Electronic medical records may have merit….
…..but they are not secure. Get used to the idea though. Starting with the fact that your records haven’t been as private as you may have thought.
Those privacy notices you sign in doctors’ offices do not actually give you any control over your personal data; they merely describe how the data will be used and disclosed.
Good time for that reminder. Because it’s going to be more available before long.
In a January 2009 speech, President Barack Obama said that his administration wants every American to have an electronic health record by 2014, and last year’s stimulus bill allocated over $36 billion to build electronic record systems. Meanwhile, the Senate health-care bill just approved by the House of Representatives on Sunday requires certain kinds of research and reporting to be done using electronic health records. Electronic records, Mr. Obama said in his 2009 speech, “will cut waste, eliminate red tape and reduce the need to repeat expensive medical tests [and] save lives by reducing the deadly but preventable medical errors that pervade our health-care system.”
Sounds good, right? Not to Americans concerned about their most private personal health matters.
When patients realize they can’t control who sees their electronic health records, they will be far less likely to tell their doctors about drinking problems, feelings of depression, sexual problems, or exposure to sexually transmitted diseases. In 2005, a California Healthcare Foundation poll found that one in eight Americans avoided seeing a regular doctor, asked a doctor to alter a diagnosis, paid privately for a test, or avoided tests altogether due to privacy concerns…
Electronic record systems that don’t put patients in control of data or have inadequate security create huge opportunities for the theft, misuse and sale of personal health information. The public is aware of these problems.
Which is only one of the more minor reasons the newly passed legislation is so overwhelmingly unpopular with the American people.
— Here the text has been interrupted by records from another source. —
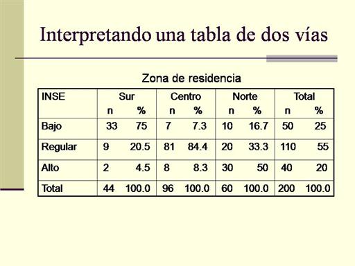 Igualmente, debemos esperar que 25% de los habitantes de la región Sur tengan nivel INSE bajo. 25% de 44 = 11 y se debe realizar lo mismo para cada celda de la tabla. |
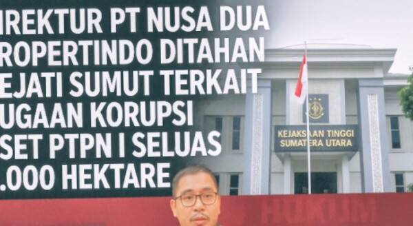KompasReal.com,Medan–Kejaksaan Tinggi Sumatera Utara (Kejati Sumut) resmi menahan Direktur PT Nusa Dua Propertindo (NDP), berinisial AHP, dalam kasus dugaan korupsi pengelolaan dan pengalihan aset milik PT Perkebunan Nusantara I (PTPN I) Regional I. Penahanan dilakukan setelah penyidik menemukan bukti kuat terkait kerja sama operasional (KSO) antara NDP dan PT Ciputra Land yang diduga menimbulkan kerugian negara mencapai miliaran rupiah.
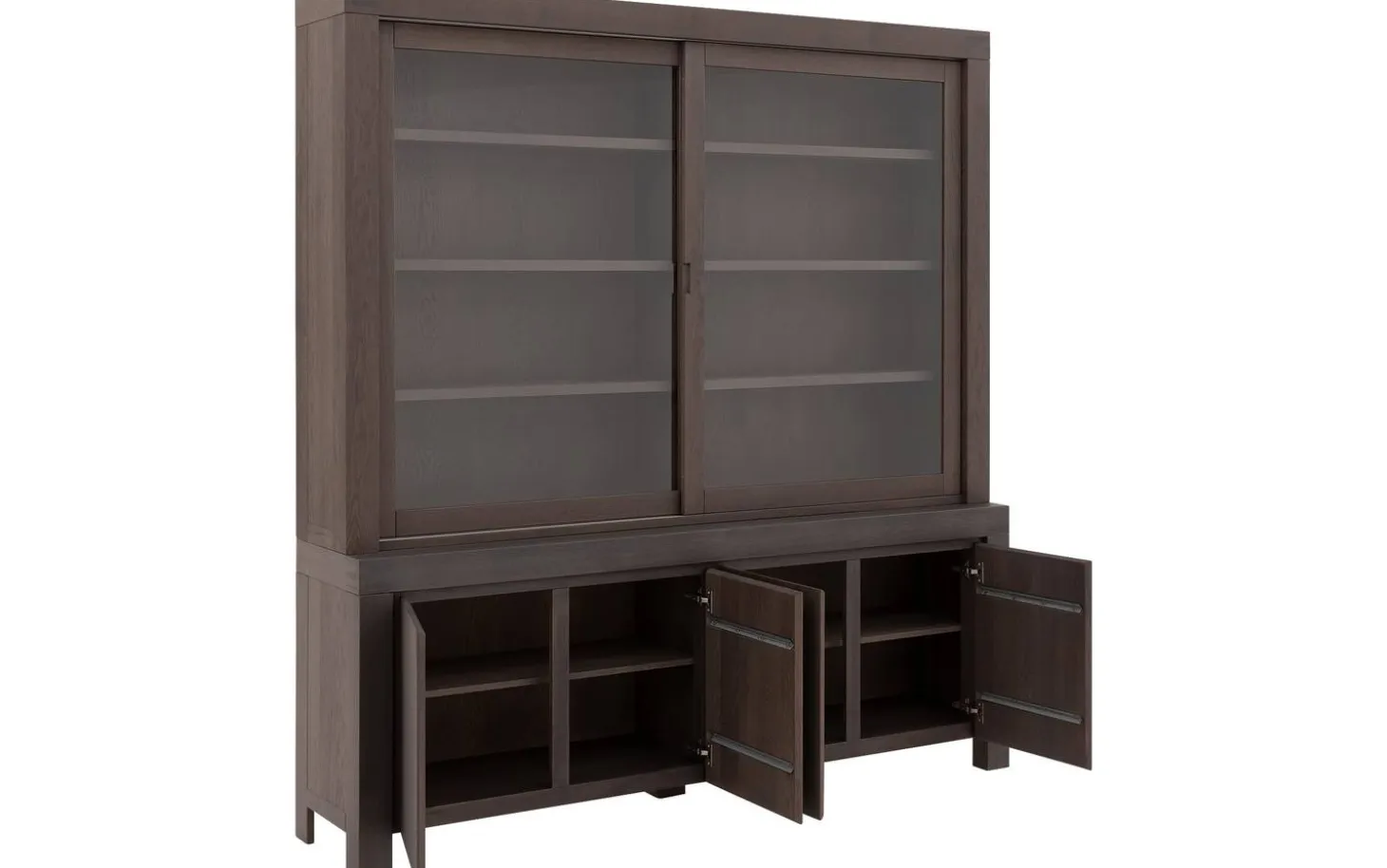 De combinatie van draaideuren en schuifdeuren maakt Clear extra praktisch. Je hebt gemakkelijk toegang tot al je spullen, van serviesgoed tot mooie woonaccessoires. Het soft closing systeem zorgt ervoor dat de deuren altijd zacht en geruisloos sluiten.
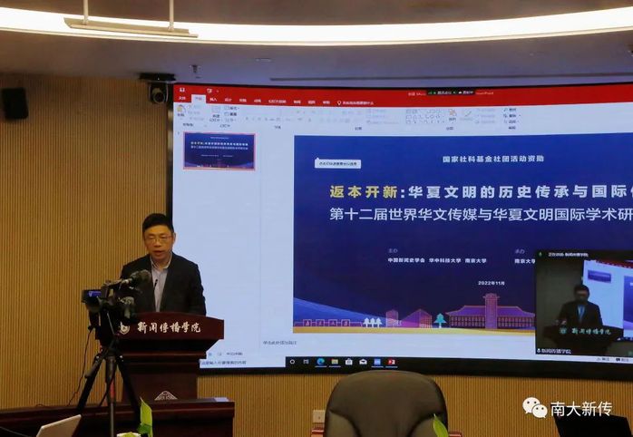 教授赵振祥发表《内省与外传——关于文化经典的对外传播思考》演讲,从分析中华传统文化经典出发,强调以科学精神把中华优秀文化传播出去。中央民族大学新闻与传播学院特聘院长、华中科技大学国家战略传播研究院教授张昆基于《寰球民意指数2020》,以实证研究的方法分析了南非公众对于中国形象的认知。大连外国语大学特聘教授、中华文化海外传播研究中心首席研究员唐润华以三国系列IP为例,指出IP运营在中华文化海外传播是一条具有巨大潜力和较强可行性的路径。深圳大学传播学院教授吴予敏从理论研究的视角出发,重点关注中国传播学的研究和中外文化交流研究之间的比较。南京师范大学新闻与传播学院教授倪延年从中国新闻史的视角切入,考证中国近代官报起源于《澳门新闻纸》的新闻史。中国新闻史学会秘书长、中国人民大学马克思主义新闻观研究中心主任、《新闻春秋》执行主编邓绍根从对“书籍传教”的考证出发,论述了近代华文报刊的兴起。AVJB
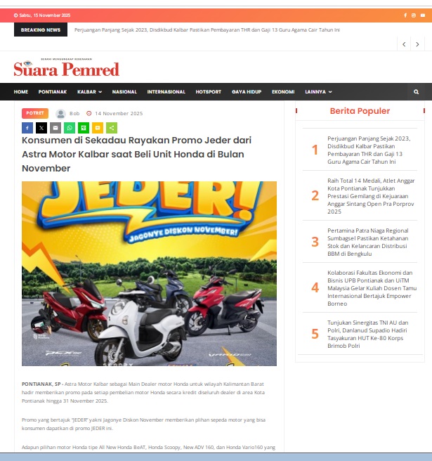 Konsumen di Sekadau Rayakan Promo Jeder dari Astra Motor Kalbar saat Beli Unit Honda di Bulan November by masmul 14 November 2025 in Silahkan kunjungi https://www.suarapemredkalbar.com/read/potret/14112025/konsumen-di-sekadau-rayakan-promo-jeder-dari-astra-motor-kalbar-saat-beli-unit-honda-di-bulan-november. You Might Like Regional Public Launching New ADV160 The SUV Pride Grand Launching New PCX 160 Truly Exceptional! Tetap hati-hati ya bro sist berkendara saat hujan.
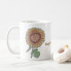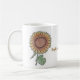 Desenho colorido de lápis esboçado em preto. Girassóis podem ser uma agradável surpresa. Um ano acreditamos que nos deram um presente de um esquilo que jogou uma semente no nosso quintal. Acabamos com um lindo girassol grande para curtir. O esquilo comeu também, então talvez ele tenha feito de propósito. Que esta design nos ajude a apreciar as belas surpresas que acontecem na vida, enquanto você pica nesta caneca.
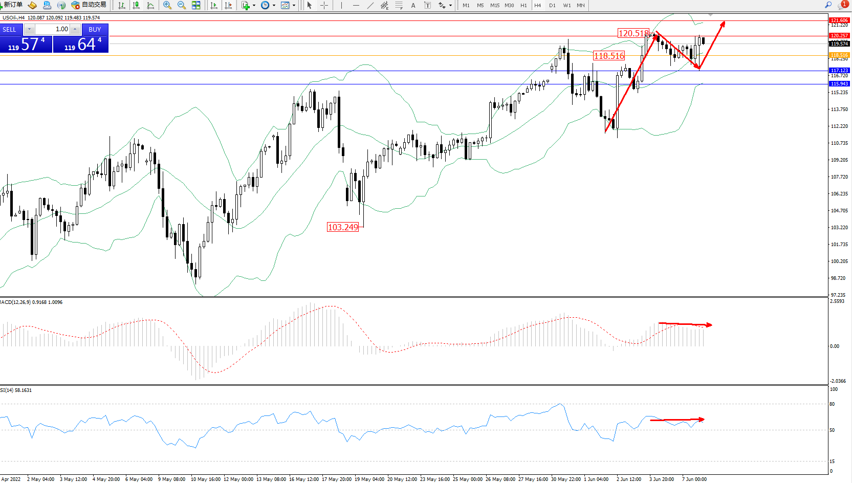 原油维持119.574附近震荡,美国飓风季即将开始,根据过去的经验,墨西哥湾沿岸将面临较大风险。而对于提供美国近半炼油能力的墨西哥湾来说,飓风还可能进一步加剧美国燃料供应的短缺,引发新一轮的价格疯涨。
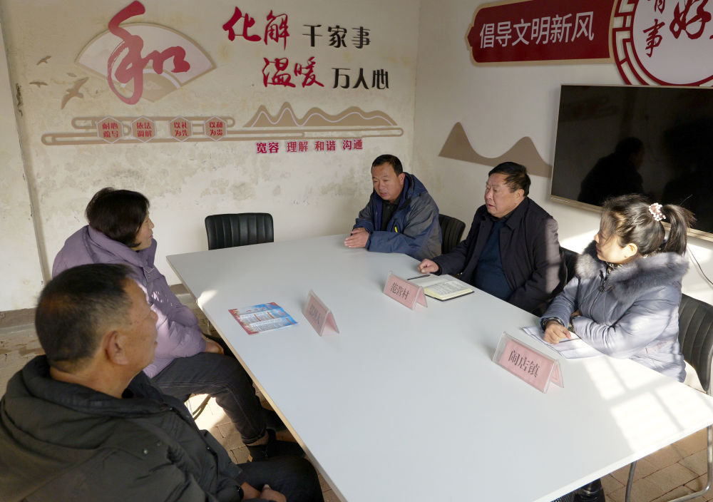 在寶豐縣鬧店鎮(zhèn)范營村“擺理堂”,村鎮(zhèn)干部(右)為村民進(jìn)行信訪調(diào)解(2023年12月20日攝)。河南省寶豐縣積極推進(jìn)四下基層工作深入開展,已打造鬧店鎮(zhèn)范營村“擺理堂”、石橋鎮(zhèn)東大莊村“老娘舅茶室”等系列鄉(xiāng)村社區(qū)服務(wù)陣地,協(xié)調(diào)鄰里關(guān)系,有效化解各類矛盾,同時不斷豐富工作內(nèi)容,拓展服務(wù)功能,助力鄉(xiāng)村振興。
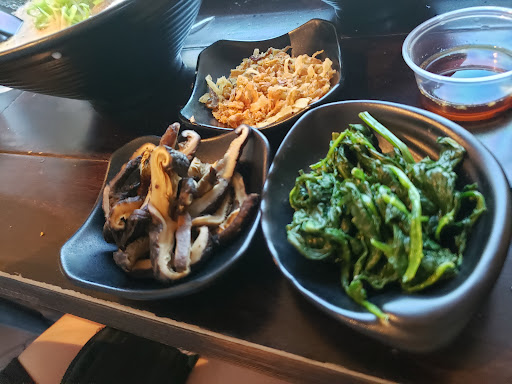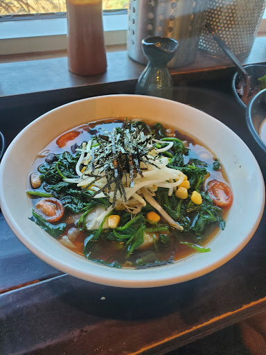 Broth and Noodle is good.. veggie is blend it just seems they boil it and just threw on top of Ramen instead boiling it together with the Ramen. Staff are friendly and helpful. Restaurants are clean and modern. Not a good place with young children because their dining is all bar seating settings
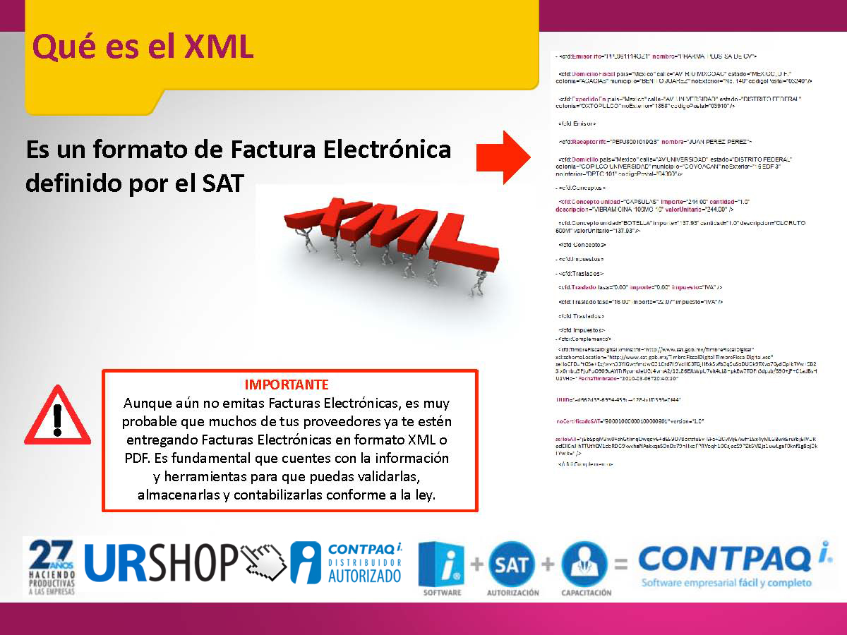 ¿Qué es el XML? Da click en la imagen para hacerla mas grande. Es un formato de factura electrónica definido por el SAT.

Privacy has been essential to the ethical practice of medicine since the time of Hippocrates in fifth century B.C. The success of health-care reform and electronic record systems requires the same foundation of informed consent patients have always had with paper records systems. But if we squander billions on a health-care system no one trusts, millions will seek treatment outside the system or not at all. The resulting data, filled with errors and omissions, will be worth less than the paper it isn’t written on.
0 Comment
Concerning the security of personal information, in this internet age, that train has pretty much left the station. But going forward, I am sure this is an issue on which Republicans and Democrats could work together.